Periodicamente, a Diretoria consolida relatórios temáticos com os resultados
dessas avaliações e realiza encontros de retorno e de discussão desses
resultados. Além disso, mensalmente, um boletim voltado para os jovens é
elaborado e distribuído na escola e em suas redes sociais, também com o
intuito de sistematizar conhecimentos e influenciar práticas futuras.
O objetivo desse artigo, contudo, não é dar conta de todos os processos
avaliativos que acontecem cotidianamente na Oi Kabum!. A seguir, nos
debruçamos sobre dois procedimentos de avaliação implementados na escola,
suas questões norteadores e seus usos, com vistas a contribuir com o debate
sobre avaliação em contextos de arte/educação a partir de uma experiência
singular.
Avaliação de processos educativos em arte na Oi Kabum! Belo Horizonte
As práticas avaliativas que nos dispomos a apresentar e discutir aqui são parte
de um grande conjunto de atividades que ocorre semestralmente na Oi Kabum!

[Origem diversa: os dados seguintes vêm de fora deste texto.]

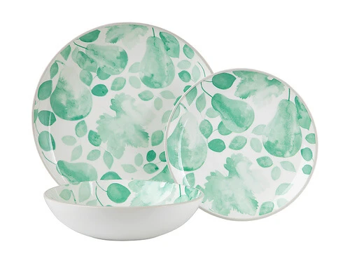 This Giverny 12-piece dinner set in green is designed to encourage long leisurely dining experiences. Made from crisp white porcelain with a gorgeous watercolour design, it includes a versatile selection of dinner plates, side plates and bowls that easily mix and match with the rest of the Giverny collection for a beautifully layered table. Classically stylish with a fresh, summery feel, this design makes the perfect addition to a contemporary home.
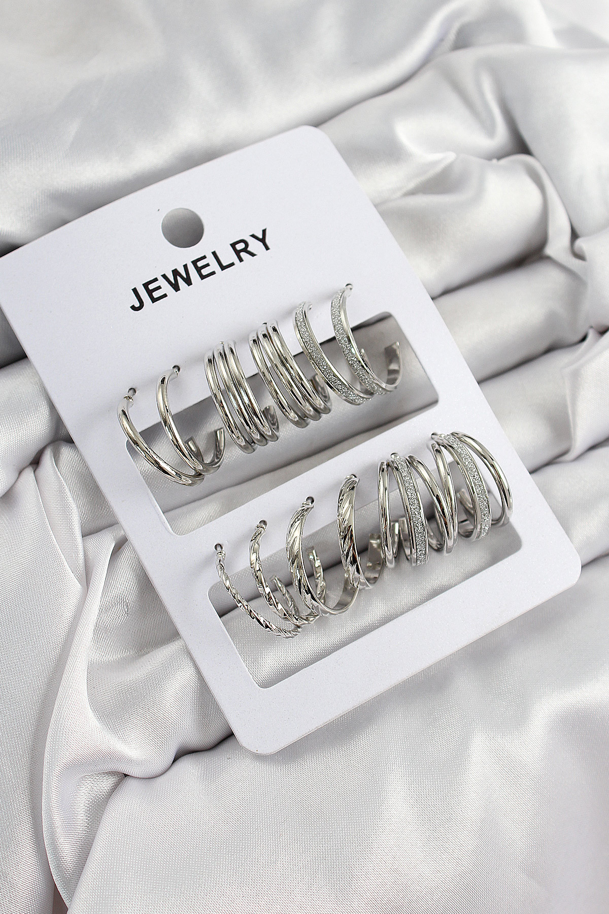 Pirinç Karışık Halka Model Gümüş Renk 6 Çift Kadın Küpe Set

BH, coordenado pela equipe da Diretoria de Pesquisa e Metodologia da AIC: o
Dia da Avaliação. Nas proximidades do fim de cada semestre do programa
formativo, separamos um dia letivo para a realização de alguns procedimentos
avaliativos com os jovens da escola.
Em primeiro lugar, é preciso chamar atenção para as questões avaliadas
durante esse dia. Em uma escola como a Oi Kabum! BH, os processos
educativos em andamento são variados e complexos. São cinco áreas
artísticas diferentes, mais os núcleos transversais, os grupos de trabalho e as
atividades de orientação. Isso sem contar as atividades autonomamente
inventadas pelos jovens a cada momento.
No entanto, a partir das contribuições dos educadores e dos jovens 4, foram
estabelecidos alguns grandes focos de avaliação. São eles: produções
artísticas na escola; modos de ensinar e de aprender; relações no interior da
escola; gestão coletiva; multiplicações fora da escola; relações com o mundo
do trabalho.
Essas questões estão em consonância com os objetivos estabelecidos no
projeto pedagógico da escola, ou seja: a Oi Kabum! BH não tem o intuito único
de formar jovens capazes de produzir bons trabalhos nas cinco áreas artísticas.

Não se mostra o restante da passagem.